DATA BELOW »
[Start of Attachment]

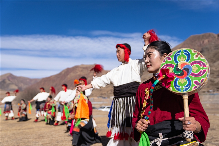 西藏昌都市丁青县尺犊镇乌巴村文艺演出队在跳热巴舞。 新华社记者 丁增尼达 摄
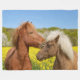 Two Icelandic horses standing side by side, nibbling their heads, in a yellow flowering field of rapeseed on a sunny day in front of blue sky in spring, a chestnut and a silver dapple coloured pony. A cute pony photo taken by Katho Menden, this fleece blanket is an enchanting gift idea for horse lovers.
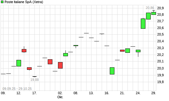 Mit dem Anstieg auf 20,81 EUR hat die Poste Italiane-Aktie (ISIN IT0003796171) am 28.10.2025 ein neues All-Time-High erreicht und damit den Kurs vom 27.10.2025 eingestellt.Die Poste Italiane-Aktie ...weiterlesen
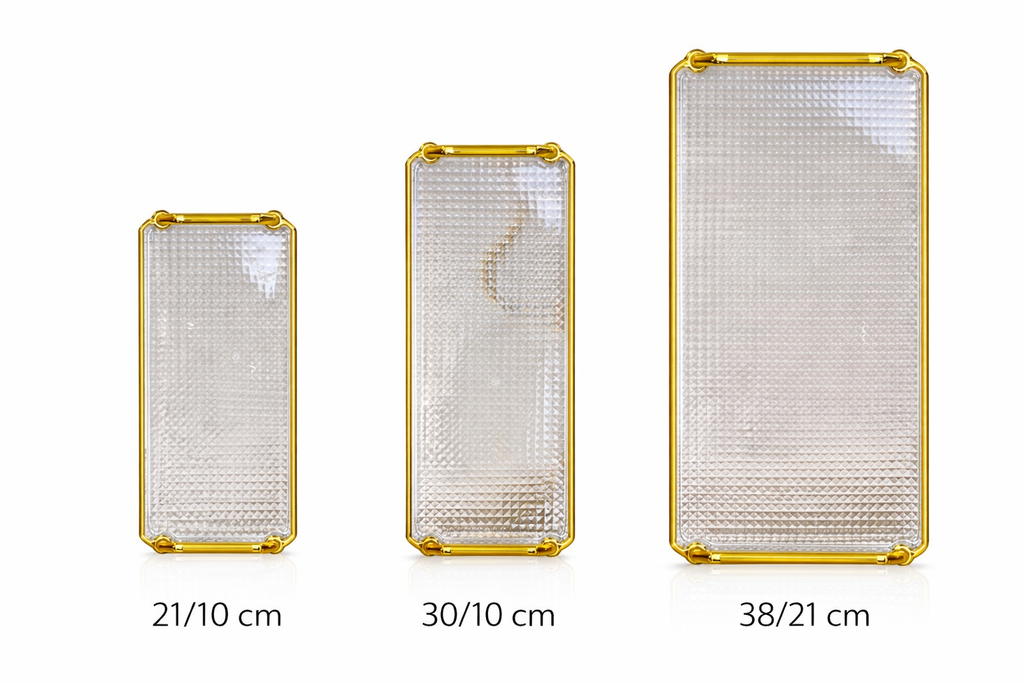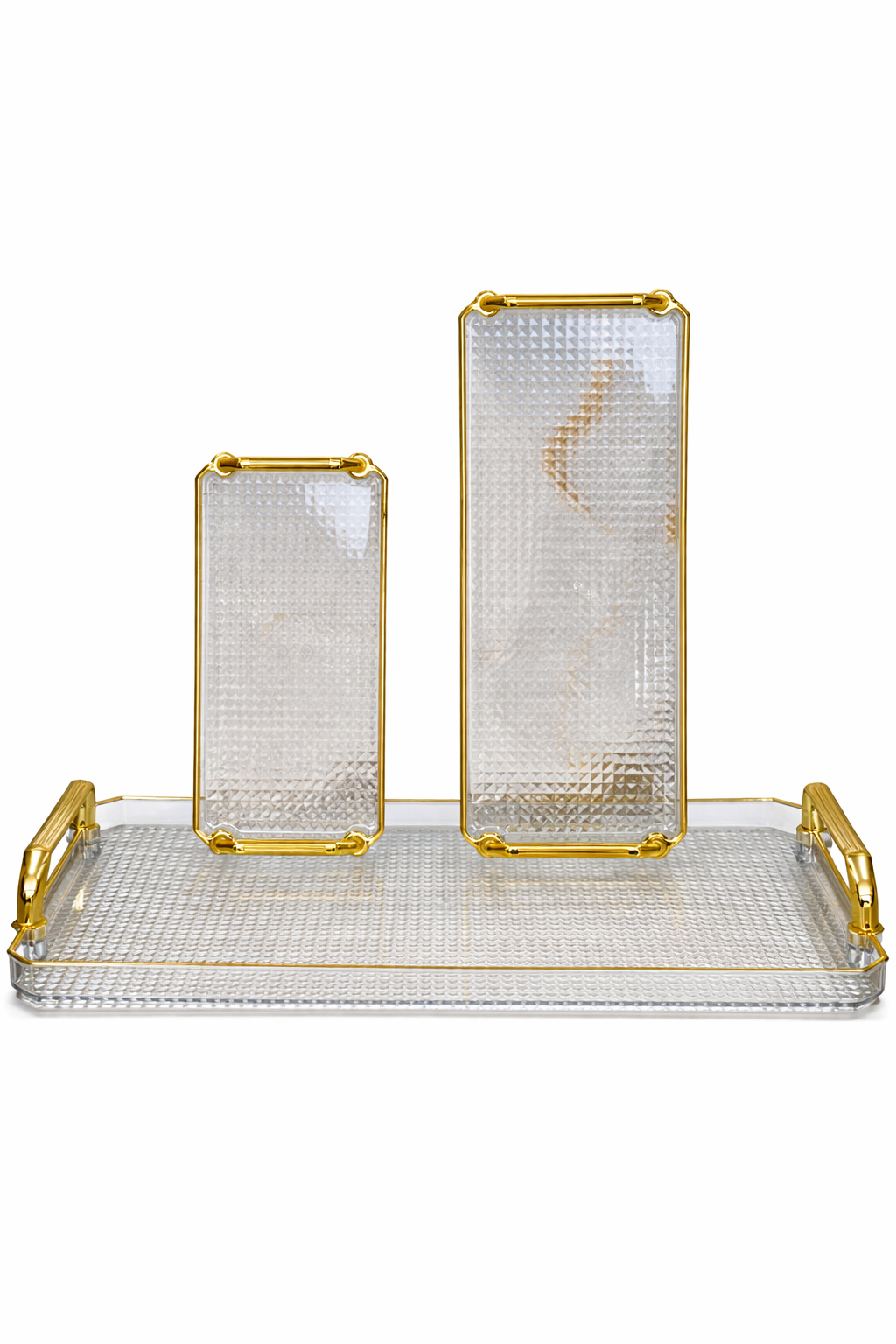 Ensemble de 3 plats de service en acrylique transparent avec finitions dorées, élégants et pratiques pour le dressage.

[End of Attachment]

ABOUT THIS EXERCISE » Pictures are to be left out. Otherwise, copy the material above exactly.

EXERCISE RESULT »
 西藏昌都市丁青县尺犊镇乌巴村文艺演出队在跳热巴舞。 新华社记者 丁增尼达 摄
 Two Icelandic horses standing side by side, nibbling their heads, in a yellow flowering field of rapeseed on a sunny day in front of blue sky in spring, a chestnut and a silver dapple coloured pony. A cute pony photo taken by Katho Menden, this fleece blanket is an enchanting gift idea for horse lovers.
 Mit dem Anstieg auf 20,81 EUR hat die Poste Italiane-Aktie (ISIN IT0003796171) am 28.10.2025 ein neues All-Time-High erreicht und damit den Kurs vom 27.10.2025 eingestellt.Die Poste Italiane-Aktie ...weiterlesen
 Ensemble de 3 plats de service en acrylique transparent avec finitions dorées, élégants et pratiques pour le dressage.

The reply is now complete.